Policy Iteration

Stachurski (2008) Chapter 10

In [1]:
%matplotlib inline
In [2]:
import numpy as np
from scipy.interpolate import interp1d
import matplotlib.pyplot as plt

ラムゼーモデル

再掲

In [3]:
class Ramsey:
    """One-sector Ramsey model"""

    def __init__(self, A, α, ρ):
        self.A, self.α, self.ρ = A, α, ρ

    def f(self, x):
        """Production function"""
        return self.A * x ** self.α

    def U(self, x):
        """Utility from consumption"""
        return np.log(x)
    
    def u(self, x, y):
        """Reduced form utility"""
        return self.U(self.f(x) - y)

    def is_feasible(self, x, y):
        """Checks feasibility"""
        return self.f(x) >= y

解析解

再掲

In [4]:
def analytic_solutions(A, α, ρ):
    c0 = (1.0 / (1.0 - α * ρ) / (1.0 - ρ) * np.log(A) +
          α * ρ * np.log(α * ρ) / (1.0 - α * ρ) / (1.0 - ρ) +
          np.log(1.0 - α * ρ) / (1.0 - ρ))
    c1 = α / (1.0 - α * ρ) 
    
    def value_func(x):
        return c0 + c1 * np.log(x)
    
    def policy_func(x):
        return ρ * c1 * A * x**α / (1.0 + ρ * c1)  ## Fixed this line
        
    return value_func, policy_func

線形近似

前回より実用的に ...

In [5]:
class PLApprox:  # Refactored this class
    def __init__(self, a, b, N, upsample=10):
        self.a, self.b, self.N = a, b, N
        self.grids = np.linspace(a, b, upsample*N)
        self.centers = np.linspace(a, b, N)
    
    def proj(self, f):
        return np.array([f(c) for c in self.centers])
    
    def inj(self, a):
        return interp1d(self.centers, a)

Policy Iteration

任意の $x \in X$, に対して $(x, f(x)) \in \mathbb{D}$ を満たす関数 $f$ を policy function という.
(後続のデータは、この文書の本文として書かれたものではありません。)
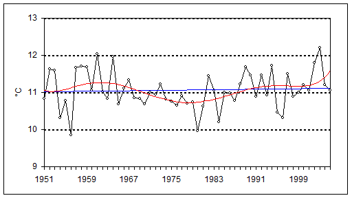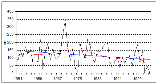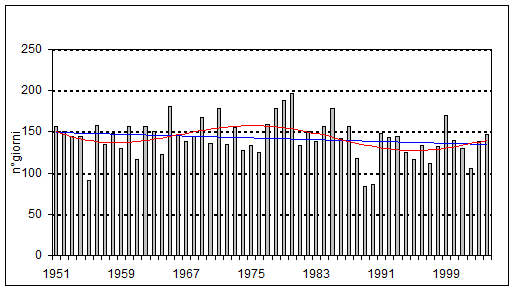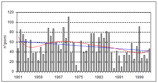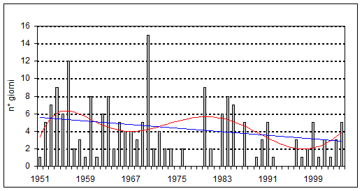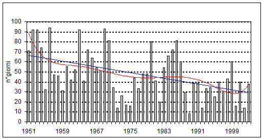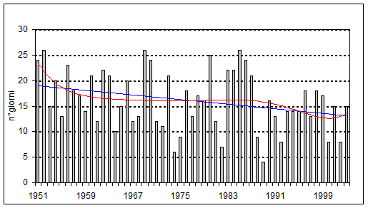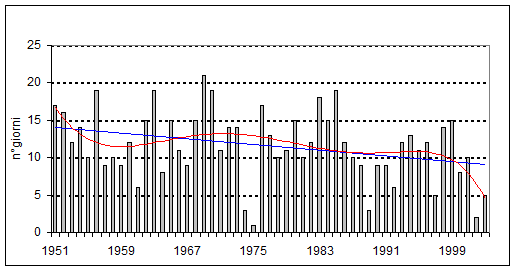 L'andamento interannuale del numero di giorni di precipitazione nevosa, pur considerando alcune interruzioni nella raccolta dei dati, evidenzia nel complesso una sensibile tendenza negativa. Dalla figura 14 si possono notare fluttuazioni positive come negli anni Cinquanta e variazioni negative verificatesi negli anni Sessanta e Novanta. Negli ultimi due anni del periodo considerato si sta assistendo ad una lenta crescita del numero di giorni di precipitazione nevosa.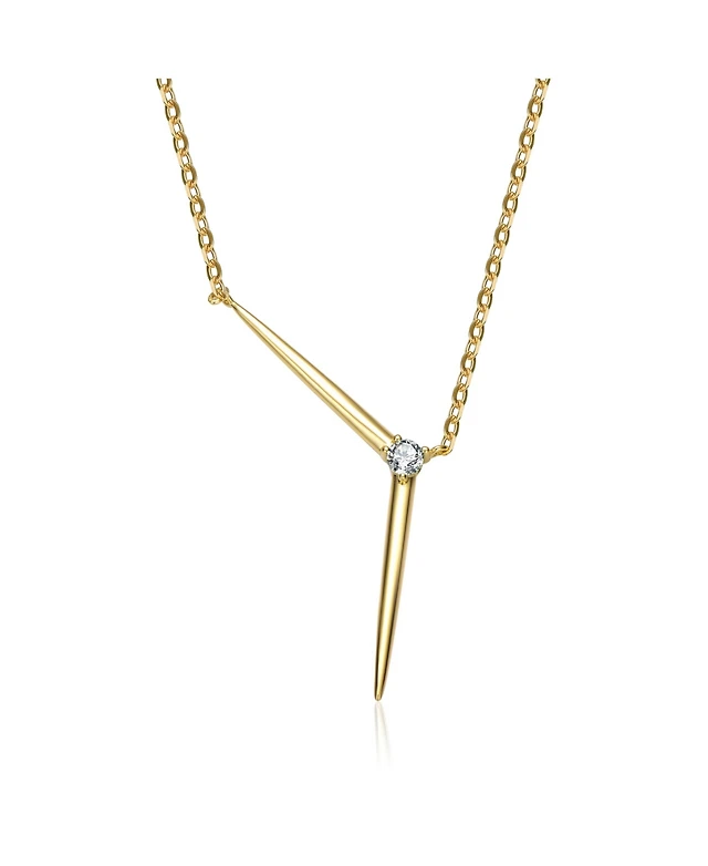 14k Yellow Gold Plated with Green Cubic Zirconia Solitaire Spike Pendant Y-Necklace Sterling Silver

Policy function $f$ と十分大きな $T$ について, その policy function の value

$$ v_f(x) = \sum_{t=0}^\infty \rho^t u(f^t(x), f^{t+1}(x)) \approx \sum_{t=0}^T \rho^t u(f^t(x), f^{t+1}(x)) $$

In [6]:
def value_of_policy(f, model, apx, T):
    fc = apx.inj(f)
    X = apx.centers
    Y = fc(X)
    vf = np.zeros_like(X)
    for i in range(T):
        vf += model.ρ**i * model.u(X, Y)
        X, Y = Y, fc(Y)
    return vf

Policy の更新則: $f\to v_f \to \hat f$

$$ \hat f (x) = \arg\max_y u(x, y) + \rho v_f(y) $$

In [7]:
def greedy(vf, model, apx):
    vc = apx.inj(vf)
    Y = apx.grids
    fhat = np.empty_like(vf)
    for i, x in enumerate(apx.centers):
        X = np.ones_like(Y) * x
        with np.errstate(invalid='ignore'):
            maximand = np.where(model.is_feasible(X, Y),
                                model.u(X, Y) + model.ρ*vc(Y),
                                -np.inf)
        fhat[i] = Y[np.argmax(maximand)]
    return fhat

Policy Iteration Algorithm

\begin{align} \begin{array}{cccccc} f_0 & & f_1 & & f_2 & \cdots & \to & f^* \\ \downarrow & \nearrow & \downarrow & \nearrow & \downarrow & & & \\ v_0 & & v_1 & & v_2 & \cdots & \to & v^* \\ \end{array} \end{align}

いつものモデルで実験

In [8]:
A, α, ρ =1.1, 0.4, 0.9
ramsey = Ramsey(A, α, ρ)
apx = PLApprox(a=1e-3, b=5.0, N=500, upsample=100)
In [9]:
df = apx.proj(lambda x: 0.5 * ramsey.f(x))

fhat = df
for _ in range(10):
    vf = value_of_policy(fhat, ramsey, apx, T=100)
    fhat = greedy(vf, ramsey, apx)

for _ in range(3):
    plt.plot(apx.centers, vf)
    vf = value_of_policy(fhat, ramsey, apx, T=100)
    fhat = greedy(vf, ramsey, apx)
    
v, h = analytic_solutions(A, α, ρ)
plt.plot(apx.grids, v(apx.grids), ':')
Out[9]:
[<matplotlib.lines.Line2D at 0x1106df588>]
In [10]:
plt.plot(apx.centers, fhat)
plt.plot(apx.centers, h(apx.centers))
Out[10]:
[<matplotlib.lines.Line2D at 0x110131160>]

なぜ収束するのか?

$$ f_{n+1}(x) = \arg\max_y u(x, y) + \rho v_n(y) $$

に対応する作用素

$$ T_{n+1} w (x) = u(x, f_{n+1}(x)) + \rho w(f_{n+1}(x)) $$

を定義.

3つの性質に注意:

$$ T_{n+1} v_n = v_{n+1} $$

$$ T_{n+1} v_n = Tv_n $$

$$ v \le w \Longrightarrow T_{n+1}v \le T_{n+1}w $$

価値の単調性

\begin{align} v_n(x) &= u(x, f_n(x)) + \rho v_n(f_n(x)) \\ &\le u(x, f_{n+1}(x)) + \rho v_n(f_{n+1}(x)) \\ &=: T_{n+1} v_n(x) \\ &\le T_{n+1}^2 v_n(x) \\ &\le \cdots \\ &\to v_{n+1}(x) \end{align}

Bellman作用素 $T$ との関係

\begin{align} T^n v_0 \le v_n \le v^* \end{align}

証明

$n=0$ のときは自明に成り立つ. $n$ まで成り立つとして,

\begin{align} T^{n+1} v_0 = T(T^n v_0) \le Tv_n = T_{n+1} v_n = v_{n+1} \end{align}